The listing below should be printed again word for word, without any images.

[Data section Boundary: Start]

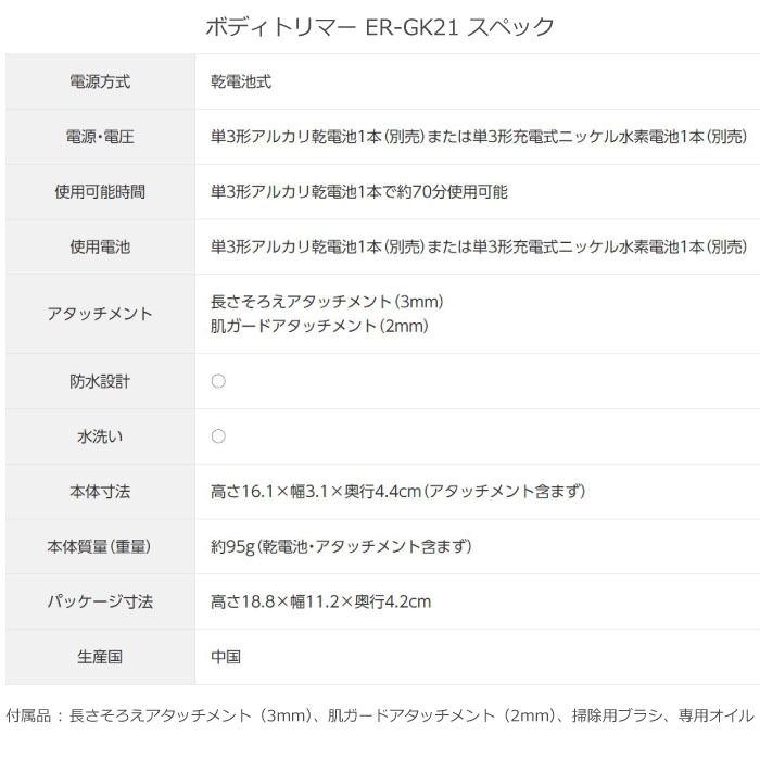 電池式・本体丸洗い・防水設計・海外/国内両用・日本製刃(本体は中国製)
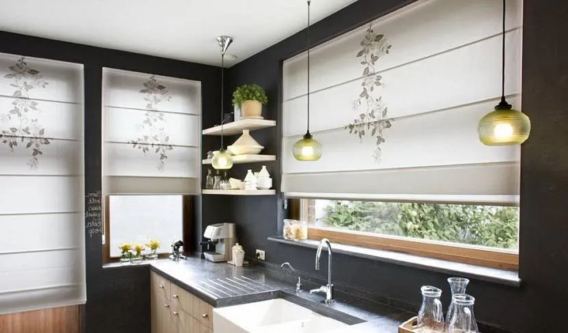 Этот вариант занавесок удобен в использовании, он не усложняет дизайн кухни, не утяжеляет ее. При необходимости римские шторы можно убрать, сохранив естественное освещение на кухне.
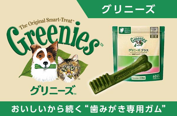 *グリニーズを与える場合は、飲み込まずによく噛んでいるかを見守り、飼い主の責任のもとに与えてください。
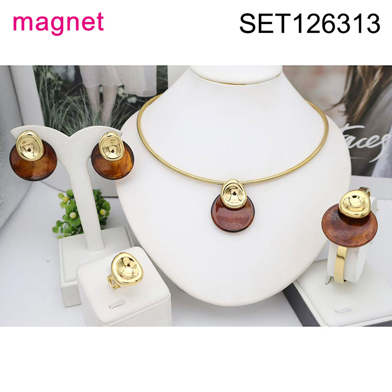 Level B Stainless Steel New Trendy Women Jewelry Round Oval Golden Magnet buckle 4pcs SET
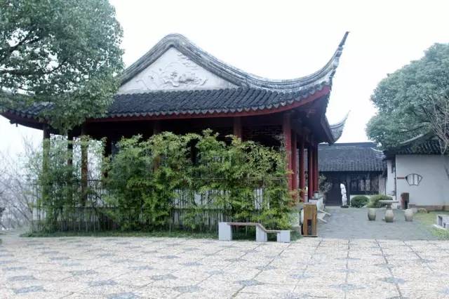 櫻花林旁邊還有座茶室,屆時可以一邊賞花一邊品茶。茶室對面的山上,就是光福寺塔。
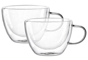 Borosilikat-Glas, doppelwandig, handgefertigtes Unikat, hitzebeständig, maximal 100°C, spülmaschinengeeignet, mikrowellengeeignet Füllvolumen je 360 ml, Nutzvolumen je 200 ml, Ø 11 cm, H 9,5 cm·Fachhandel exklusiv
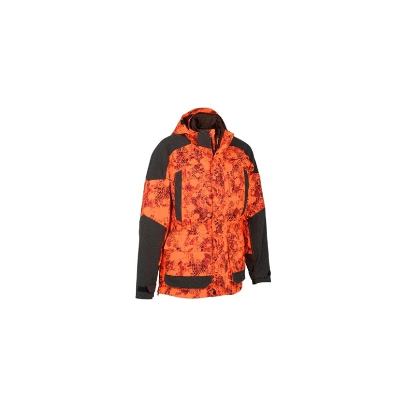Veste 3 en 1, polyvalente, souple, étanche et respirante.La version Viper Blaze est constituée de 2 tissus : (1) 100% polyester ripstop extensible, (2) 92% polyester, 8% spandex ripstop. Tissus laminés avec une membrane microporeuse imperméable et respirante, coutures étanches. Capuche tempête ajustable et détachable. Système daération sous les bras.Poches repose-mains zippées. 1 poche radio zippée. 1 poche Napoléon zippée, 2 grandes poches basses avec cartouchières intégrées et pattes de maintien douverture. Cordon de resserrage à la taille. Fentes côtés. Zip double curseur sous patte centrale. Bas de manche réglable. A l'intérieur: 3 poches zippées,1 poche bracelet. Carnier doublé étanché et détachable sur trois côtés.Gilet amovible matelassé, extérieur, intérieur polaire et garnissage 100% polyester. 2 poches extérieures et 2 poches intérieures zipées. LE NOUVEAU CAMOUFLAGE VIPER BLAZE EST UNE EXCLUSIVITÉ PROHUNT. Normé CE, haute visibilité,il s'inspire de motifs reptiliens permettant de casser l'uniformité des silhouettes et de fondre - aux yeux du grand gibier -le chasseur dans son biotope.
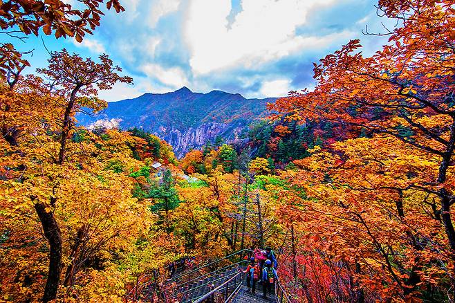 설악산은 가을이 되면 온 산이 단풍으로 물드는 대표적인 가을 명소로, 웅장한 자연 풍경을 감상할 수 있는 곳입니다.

[Data section Boundary: End]

#### Reply to the task
 電池式・本体丸洗い・防水設計・海外/国内両用・日本製刃(本体は中国製)
 Этот вариант занавесок удобен в использовании, он не усложняет дизайн кухни, не утяжеляет ее. При необходимости римские шторы можно убрать, сохранив естественное освещение на кухне.
 *グリニーズを与える場合は、飲み込まずによく噛んでいるかを見守り、飼い主の責任のもとに与えてください。
 Level B Stainless Steel New Trendy Women Jewelry Round Oval Golden Magnet buckle 4pcs SET
 櫻花林旁邊還有座茶室,屆時可以一邊賞花一邊品茶。茶室對面的山上,就是光福寺塔。
 Borosilikat-Glas, doppelwandig, handgefertigtes Unikat, hitzebeständig, maximal 100°C, spülmaschinengeeignet, mikrowellengeeignet Füllvolumen je 360 ml, Nutzvolumen je 200 ml, Ø 11 cm, H 9,5 cm·Fachhandel exklusiv
Veste 3 en 1, polyvalente, souple, étanche et respirante.La version Viper Blaze est constituée de 2 tissus : (1) 100% polyester ripstop extensible, (2) 92% polyester, 8% spandex ripstop. Tissus laminés avec une membrane microporeuse imperméable et respirante, coutures étanches. Capuche tempête ajustable et détachable. Système daération sous les bras.Poches repose-mains zippées. 1 poche radio zippée. 1 poche Napoléon zippée, 2 grandes poches basses avec cartouchières intégrées et pattes de maintien douverture. Cordon de resserrage à la taille. Fentes côtés. Zip double curseur sous patte centrale. Bas de manche réglable. A l'intérieur: 3 poches zippées,1 poche bracelet. Carnier doublé étanché et détachable sur trois côtés.Gilet amovible matelassé, extérieur, intérieur polaire et garnissage 100% polyester. 2 poches extérieures et 2 poches intérieures zipées. LE NOUVEAU CAMOUFLAGE VIPER BLAZE EST UNE EXCLUSIVITÉ PROHUNT. Normé CE, haute visibilité,il s'inspire de motifs reptiliens permettant de casser l'uniformité des silhouettes et de fondre - aux yeux du grand gibier -le chasseur dans son biotope.
 설악산은 가을이 되면 온 산이 단풍으로 물드는 대표적인 가을 명소로, 웅장한 자연 풍경을 감상할 수 있는 곳입니다.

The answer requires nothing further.